NLRC5 is highly expressed in immune tissues or organs and involved in the regulation of innate and adaptive immunity by inducing inflammation and cell death. Researches have shown that it may play an important role in the activation and inactivation of hepatocytes, but the research on the mechanism of action fell far behind the immunological study. Our study aimed to investigate the role and mechanism of NLRC5 in liver fibrosis to evaluate its clinical application value.

Research objectives

In this study, we analyzed the expression levels of NLRC5 in liver tissue and LX-2 cells and the activity of NF-κB in hepatic fibrosis after treatment with NLRC5-siRNA. The purpose of this study was to explore the relationship between NLRC5 and the NF-κB signaling pathways during the development and reversal of hepatic fibrosis.

Research methods

Eight-week-old male C57BL/6 mice were randomly divided into groups to establish liver fibrosis and its reversal model.
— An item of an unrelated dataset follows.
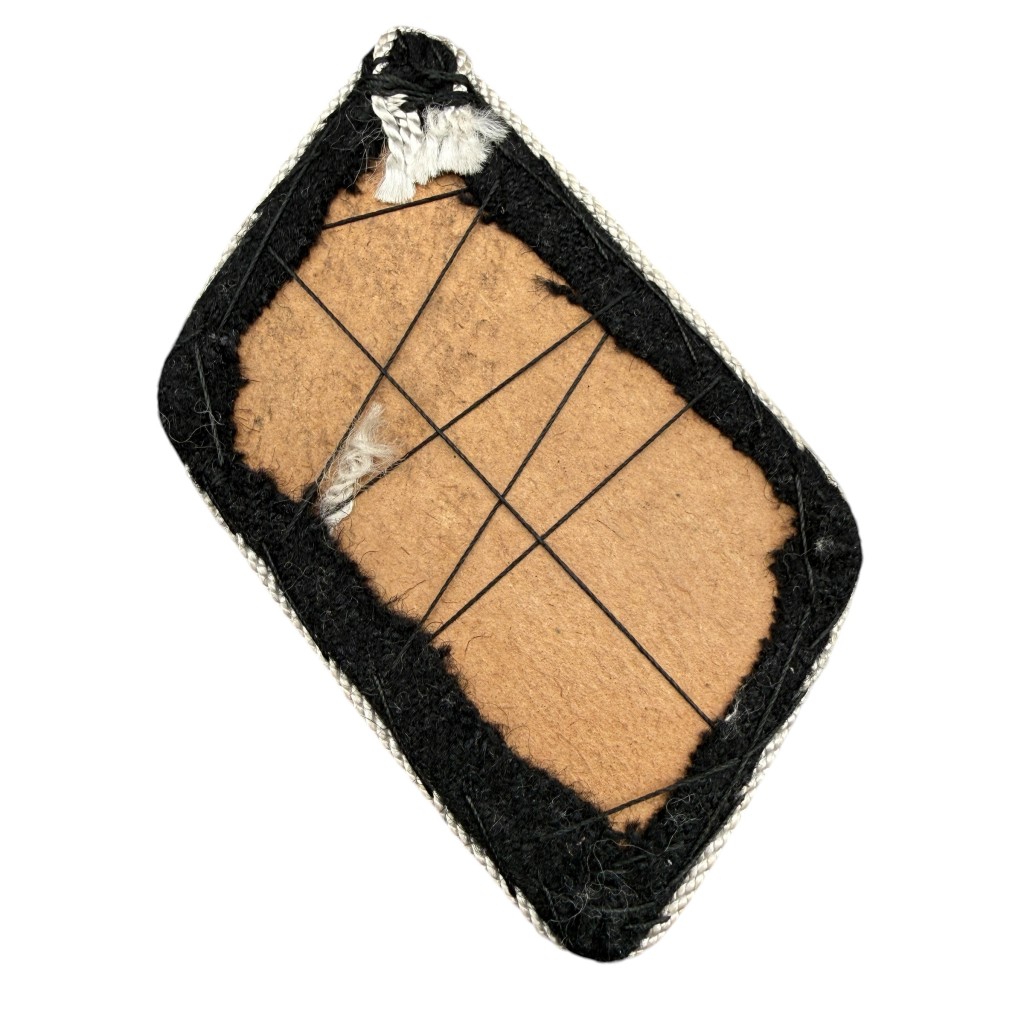 De achterzijde toont de oorspronkelijke constructie met versteviging en handmatig aangebrachte bevestigingsdraden, zoals kenmerkend voor Nederlandse uniforminsignes uit deze periode.

Meanwhile, human hepatic stellate cell (HSC) line LX-2 was cultured in vitro and treated with transforming growth factor-β1 (TGF-β1) and MDI to activate and inactivate the cells. The degree of liver fibrosis and the expression of NLRC5 in mouse tissues and LX-2 cells were detected by qPCR and Western blot. After interfering with NLRC5 by siRNA, the activity of NF-κB in liver fibrosis was detected.

Research results

The expression level of NLRC5 was higher in liver tissue of fibrosis mice and activated HSCs, but decreased in mice with hepatic fibrosis with spontaneous reversion and inactivated HSC cells (P < 0.01). After treatment with NLRC5-siRNA, the activity of the NF-κB signaling pathway was increased in the liver of fibrosis mice and activated HSCs (P < 0.05).

Research conclusions

NLRC5 may play a key role in regulating the progression and reversal of liver fibrosis by negatively regulating the NF-κB signaling pathway, and it is expected to be one of the clinical therapeutic targets.

Research perspectives

NLRC5 plays a physiologically important role in maintaining immune homeostasis, particularly in regulating innate immune responses. Exploring the role and mechanism of NLRC5 and NF-κB in liver fibrosis can provide an important reference for the treatment of liver fibrosis.